Along with that, any art used to decorate kinky events would not focus on submissive women! In a perfect world, we’d be able to handle the bizarre and apparently terrifying idea that there are straight women in the scene who might enjoy looking at pictures of men.

Speaking of kinky events, in my ideal scene women would feel just as comfortable coming to a party in basic black as men do. Fuck the idea that women owe the scene (and the world) a sexy display for daring to take up space. There wouldn’t be any pressure to play in public, either. People who’ve never played at a party would be taken just a seriously as people who play in public every chance they get.

And finally, the big one. The ideal scene would be free of systemic abuse. I know that a certain number of assholes are always going to find their way into the scene, but an ideal scene would root them out quickly and actually support their victims. This, I’m sad to say, is the hardest one for me to envision. Between the idea that the scene is the only place to meet other kinky people, our natural attachment to social status and fear of rocking the boat, and our whole society’s massively fucked up ideas about abuse, a scene that doesn’t tolerate abuse is tough to even imagine.

But to take a stab at it, I think a safe scene would take everyone’s stories seriously. Even if it’s uncomfortable, even if the accused is a friend, we would listen when someone says that they didn’t feel good about what happened. We would have official anti-harassment policies to take away the excuse that ‘I didn’t know’ and to show people that abuse is taken seriously. We would strictly enforce respect for social consent at absolutely all of our events, no matter how casual. By social consent I mean that it should not be necessary to tell a person “No” more than once, whether that no is “No, I don’t want to do a take-down scene with you” or “No, I don’t want to sit beside you.”

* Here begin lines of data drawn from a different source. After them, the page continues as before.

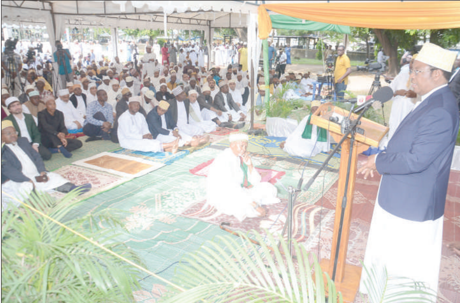
Waziri Mkuu Kassim Majaliwa, akiwahutubia waumini wa Dini ya Kiislamu wakati wa swala ya Eid El Fitri, katika viwanja vya Mnazi Mmoja, jijini Dar es Salaam jana.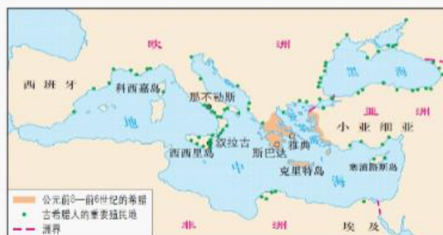
古希腊人在地中海和黑海地区的殖民示意图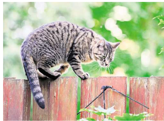
Probleme mit unkastrierten Katzen: Die Wennigser Tierschutzgruppe schlägt Alarm, weil es trotz Kastrationspflicht in der Gemeinde immer mehr Streuner gibt.

So weit die Theorie. In der Praxis wird die Pflicht offenbar noch immer von vielen Halterinnen und Haltern ignoriert – aus „Bequemlichkeit und Gleichgültigkeit“, vermutet Wallat. Auch Geld spiele eine Rolle, denn die Preise für den medizinischen Eingriff seien in den vergangenen Jahren gestiegen. „Die Menschen schaffen sich eine Katze an, sind sich der Kosten aber nicht bewusst“, kritisiert Wallat.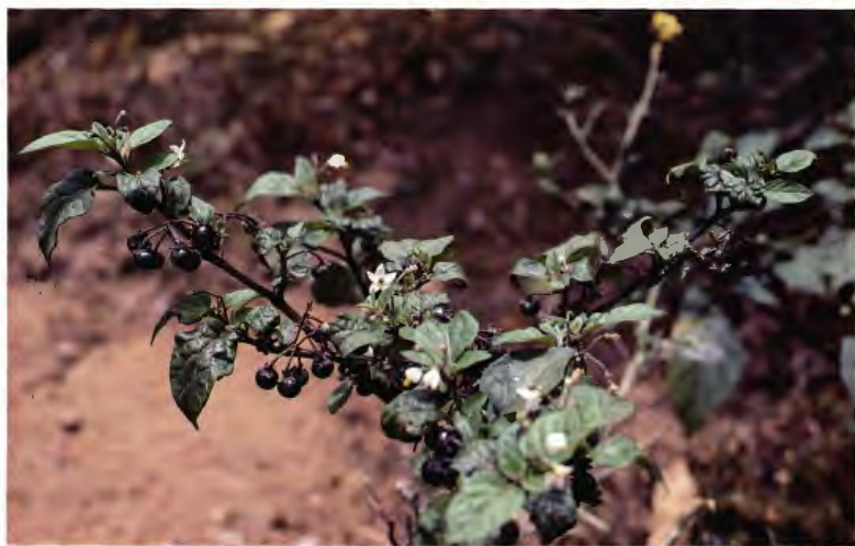
HIERBA MORA ( HIERBA SANTA MARIA ) SOLANUM NIGRUM L.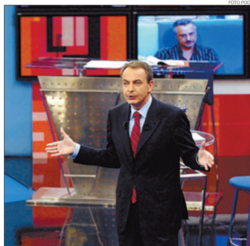
▶ El president del Govern, en un instant del programa de TVE.

El president del PSOE, Manuel Chaves, va destacar «la solvència i la credibilitat» de Rodríguez Zapatero,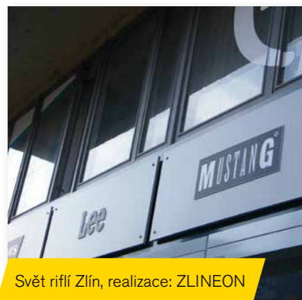
Svět řířil Zlín, realizace: ZLINEON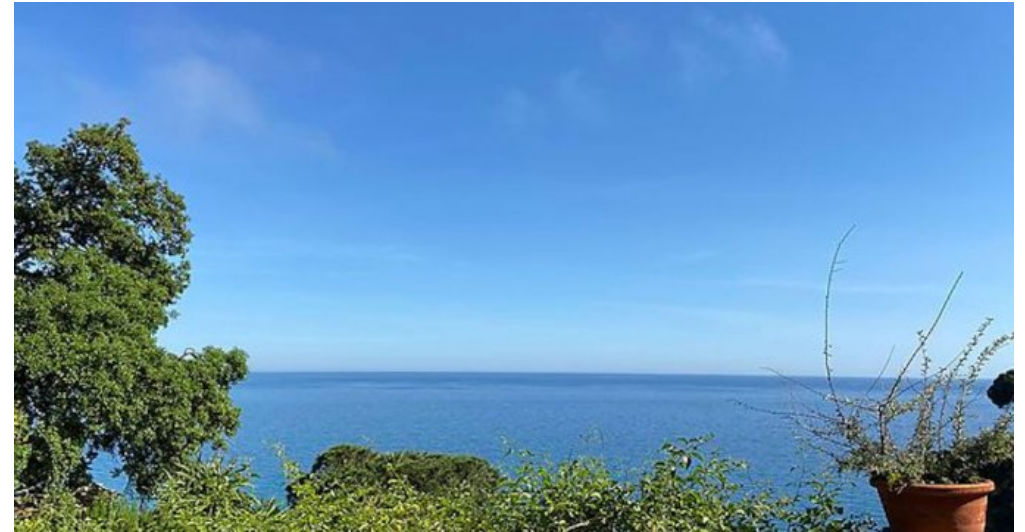
Rustikales Ferienhaus Spanien Costa Brava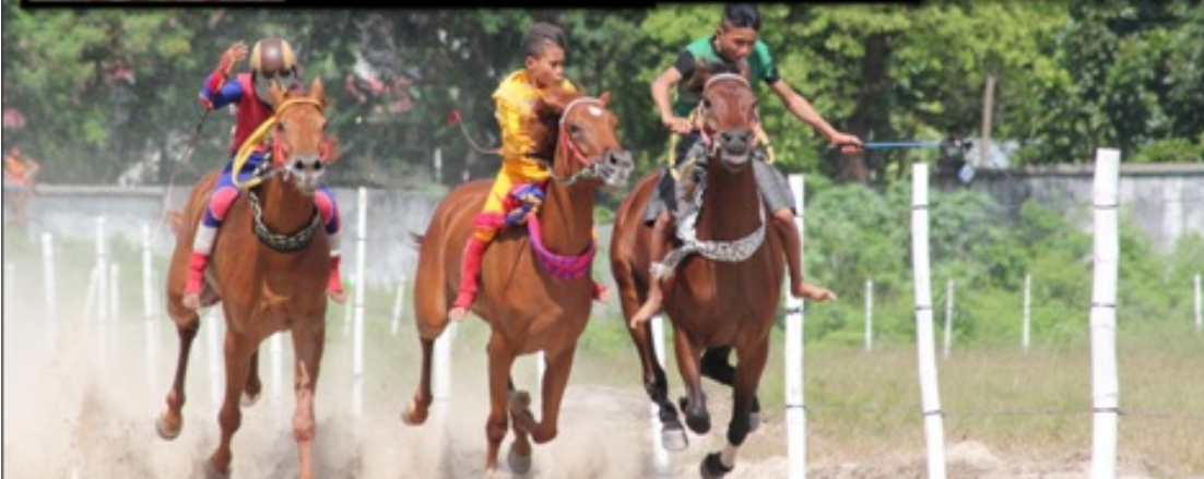
FESTIVAL PARADE DAN PACUAN KUDA SANDEL DAN TENUN IKAT KABUPATEN SUMBA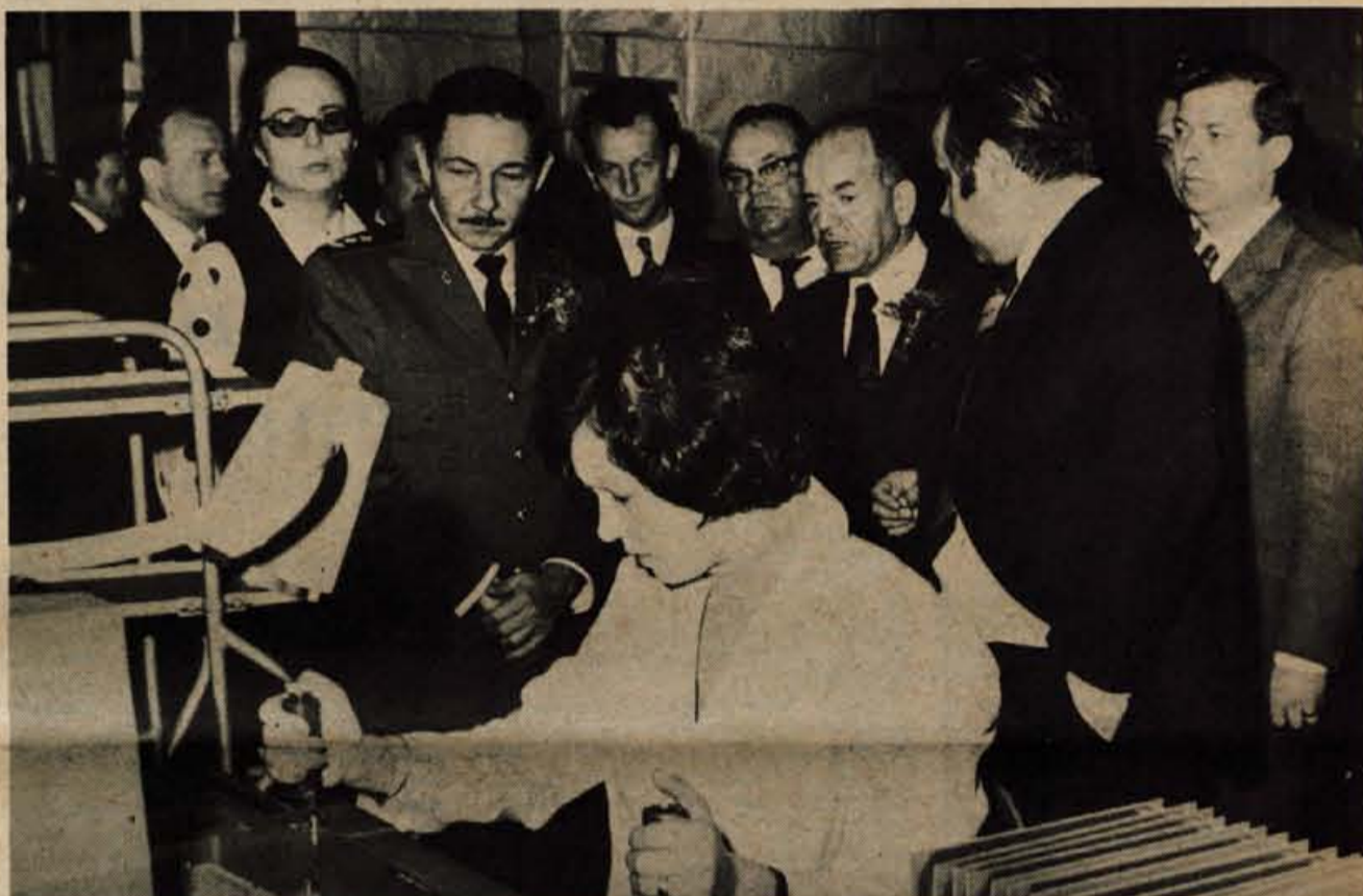
Vodja kubanske delegacije Raul Castro si je z zanimanjem ogledal Iskrino tovarno na Laborah

V razpravi so menili, da se za temi načrti dejansko skriva le hlajenje jedrske elektrarne v Krškem in poudarili, da bi bila zavezitev Radovne prehud poseg v naravo, ki si ga tudi na račun predvidenih ekonomskih koristi ne bi smeli privoščiti. Domačini pa so pri tem opozorili še na nevarnost, ki bi grozila vsem zaradi visokega jezusa. Zato so predlagali, naj bi pri hlajenju jedrske elektrarne uporabili hlajenje s stolpi, kar bi bilo sicer dražje, vendar ne bi terjalo takšnih posegov v naravo. Skratka, zavzeli so stališče, da moramo v teznji, da ohranimo okolje, za to tudi nekaj plačati.

Once we hear about anyone’s boundaries being disrespected, we would fucking well act on it. No, I’m not saying we should go on a witch hunt every time we hear about a scene not going perfectly, but when we do hear about something, we react appropriately. If that’s just a jerk who had to be told no twice before he respected it, we have a talk with him about how he can push people’s boundaries or he can continue to be welcome in the scene, but not both. If that’s a case of rape or assault, we ban the abuser until they turn themselves in to the police, do their time, confess fully to everything they’ve done wrong, and show a thorough understanding of why it was wrong. Even then, we would only tolerate the presence of a thoroughly reformed abuser if their victim/s were completely comfortable with them being back in the scene.

While I do think it’s important for people who fuck up to be able to redeem themselves, that redemption can never be more important than the people who have been hurt. We should never let geek social fallacies be more important than the well being of people in the scene, either. Even if someone hasn’t actually touched anyone inappropriately or pressured them to play, we really do need to exclude people for being assholes. Like Naamah said in a comment:

Why the FUCK should I feel safe in a group that allows people like that to remain?!

Whether it’s sexism, racism, ableism, or just general douchebaggery, by letting assholes roam freely we’re telling people that they should not feel safe here. Fuck that noise.

What about you, readers? What would your ideal scene look like?